Institutional Version
egrowth nstitute
The Degrowth Institute is an initiative that was started in 2015 by METASITU, with the aim to establish emancipatory narratives in (post)industrial cities whose populations have been steadily decreasing in recent years, particularly in the Donbas region. Its mission is to challenge the notion that suggests that growth —population in particular— is necessary when determining the success of a human settlement. Yet masterplanners, urbanists, and developers continue to strategize to reverse the dynamics of shrinkage, caught up in a capitalist rhetoric of growth and accelerationism. In order to challenge this framework, and set the future into a different vector, the Degrowth Institute establishes bottom-up, transversal, and horizontal approaches to master-planning in these territories. They base their work on researching, working with and in, shrinking cities. Avoiding to suggest specific strategies, they rather create a collective momentum to address challenges such as how to work with industrial heritage, housing vacancy, or the shifting job markets, among others. The Degrowth Institute wants to bring about structural change in the way people perceive their cities. They want to create discourse, engagement, and research around the notion of degrowth in the context of Urban Planning by a) conceptualizing and organizing frameworks of knowledge exchange, b) producing artistic research-based content in a variety of formats —publications, films, objects, events, and archives— about degrowth, and collective masterplanning; and c) encouraging emancipatory spatial practices, in order to create new narratives for possible urban futures.

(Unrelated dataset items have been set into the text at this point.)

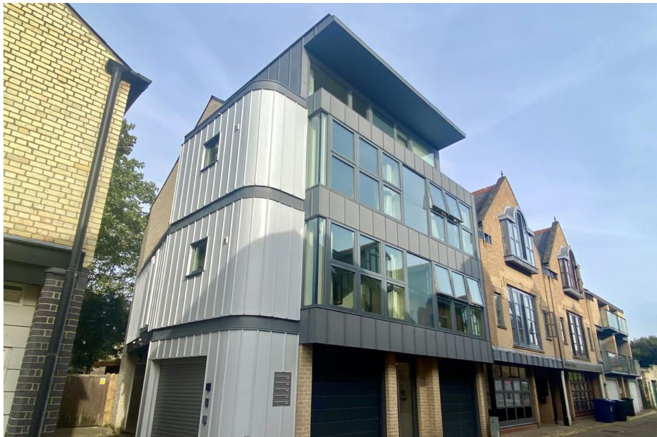
Cambridge Place, Hills Road
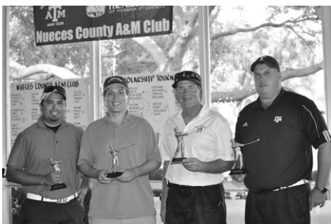
1 st Place Team – BBVA Compass
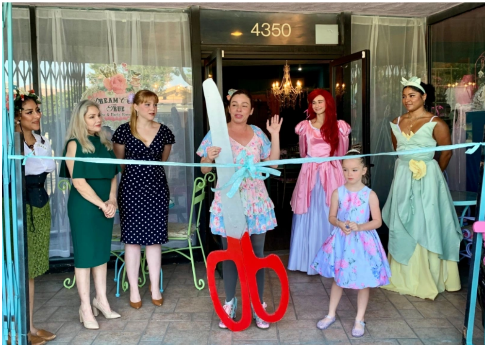
The Dream Come True Tea Time crew cuts the ribbon for its new home in Bixby Knolls.

The Degrowth Institute aspires to result in a transformative experience for individual participants in the project, as well as trigger new forms of working together at a local level and, eventually, collective proposals for new guidelines, approaches to resisting and challenging existing growth policies, and actions against particular (imposed) strategies regarding the assessment and management of heritage. And, ultimately, in understanding the surrounding landscapes more intimately, by reconstituting our personal relationships to the territories we inhabit(ed).